7 Bargain-Basement Skyscrapers

Buildings that sold for $500 mil in 2007 may now be worth half that. And vultures are circling giddily in the air.

By Devin Leonard, New York, Sept 27 09

(L-R) 777 Third Avenue; 11 Times Square (Photo: Christopher Griffith ) ON A SWELTERING DAY at the tag end of summer, M. Myers Mermel, a 47-year-old former Morgan Stanley banker turned real-estate vulture investor, stands in his pin-striped suit outside an elegant white 23-story building at Madison Avenue and 61st Street. The place brings back fond memories. Mermel had the pleasure of flipping the tower above Barneys twice in the last six years as Manhattan property values soared.
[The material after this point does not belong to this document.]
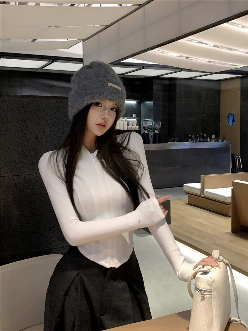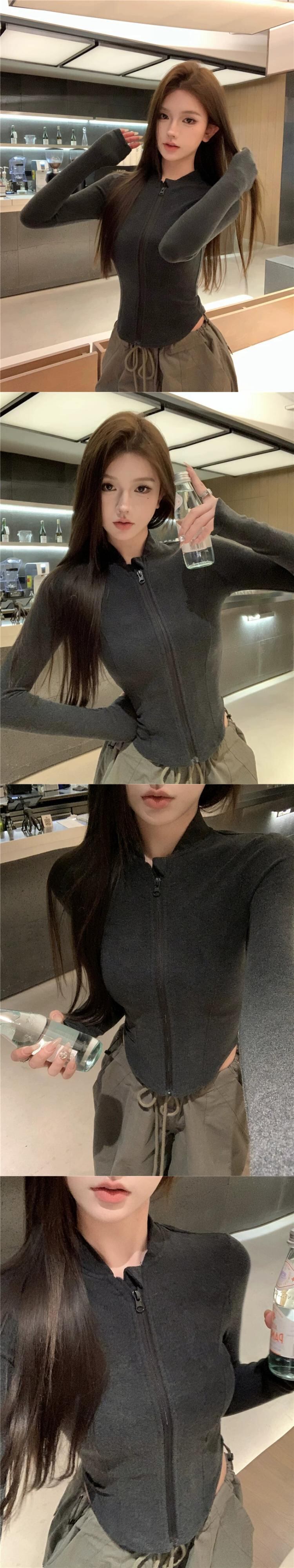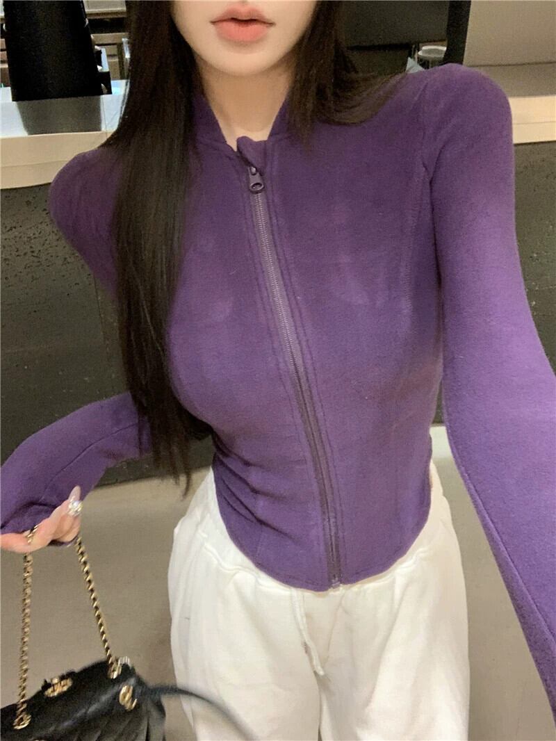 ドイツベルベットスタンドカラージッパーカーディガントップ女性春デザイン長袖Tシャツパープルスリムインナーレイヤリングシャツ ロング スプリング 春物 bstraw9737570699 | beaute25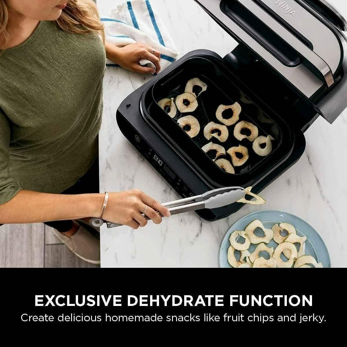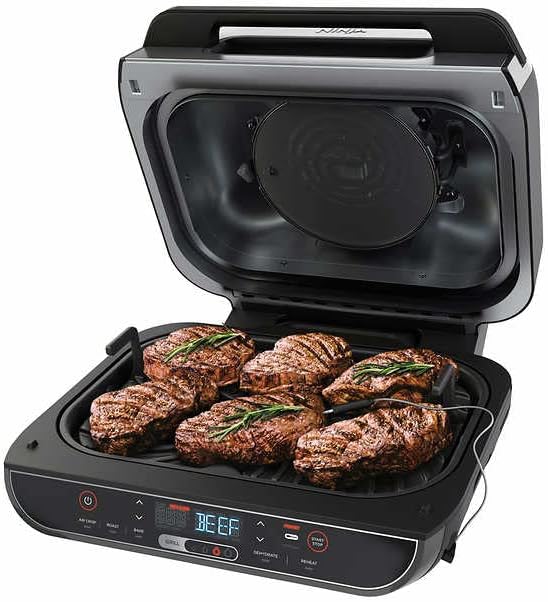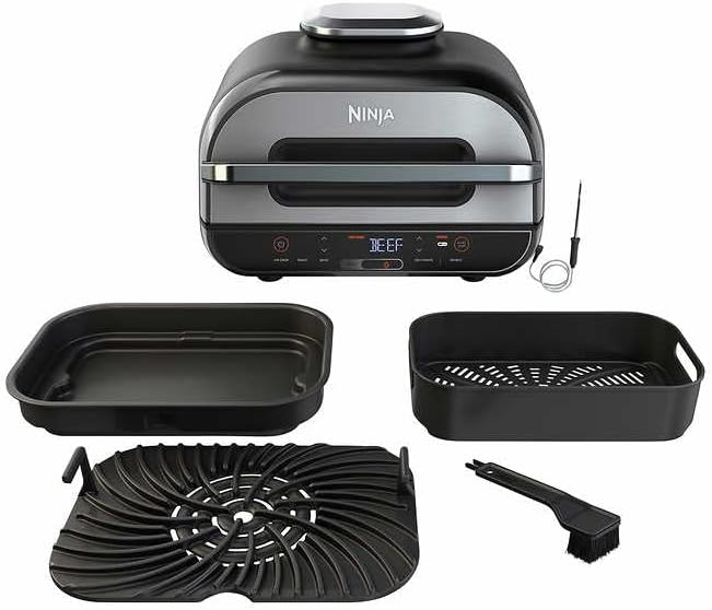 The Ninja® Foodi® Smart XL Grill is the SMART XL grill that sears, sizzles and air fry crisps. With an XL capacity and innovative Smart Cook System, you can grill even more and achieve the perfect doneness from rare to well done at the touch of a button.

First, he bought it for $160 million in 2003 with the help of a wealthy Los Angeles family. Mermel filled the upper floors with hedge funds whose managers loved gazing at Central Park from their desks. “The hedge-fund guys were fairly price-insensitive,” he chuckles. Rents soared. Three years later, Mermel and his backers sold the building for $220 million to Broadway Partners. Mermel was certain that there was more money to be made here. So he kept a minority interest in the property. Sure enough, Mermel and Broadway Partners sold 660 Madison Avenue to Risanamento, an Italian real-estate firm, for $375 million in 2007. He got out just before the credit crunch hit. Since then, he has raised $50 million for a vulture fund. Now he plans to prey on competitors who weren’t so lucky. One of the properties that Mermel is circling is 660 Madison Avenue. Since the economy collapsed, Manhattan office-building prices have fallen as much as 50 percent. Mermel estimates that this one is now worth $143 million—considerably less than Risanamento’s $175 million mortgage. He is heartened by news that the Milan-based company is trying to unload the tower to stave off bankruptcy. It only improves his chances of picking it up again cheaply. One of the building’s engineers, a guy with a shaved head and an outer-borough accent, is leaving for lunch and notices Mermel on the sidewalk. “Hey, you coming back?” he asks.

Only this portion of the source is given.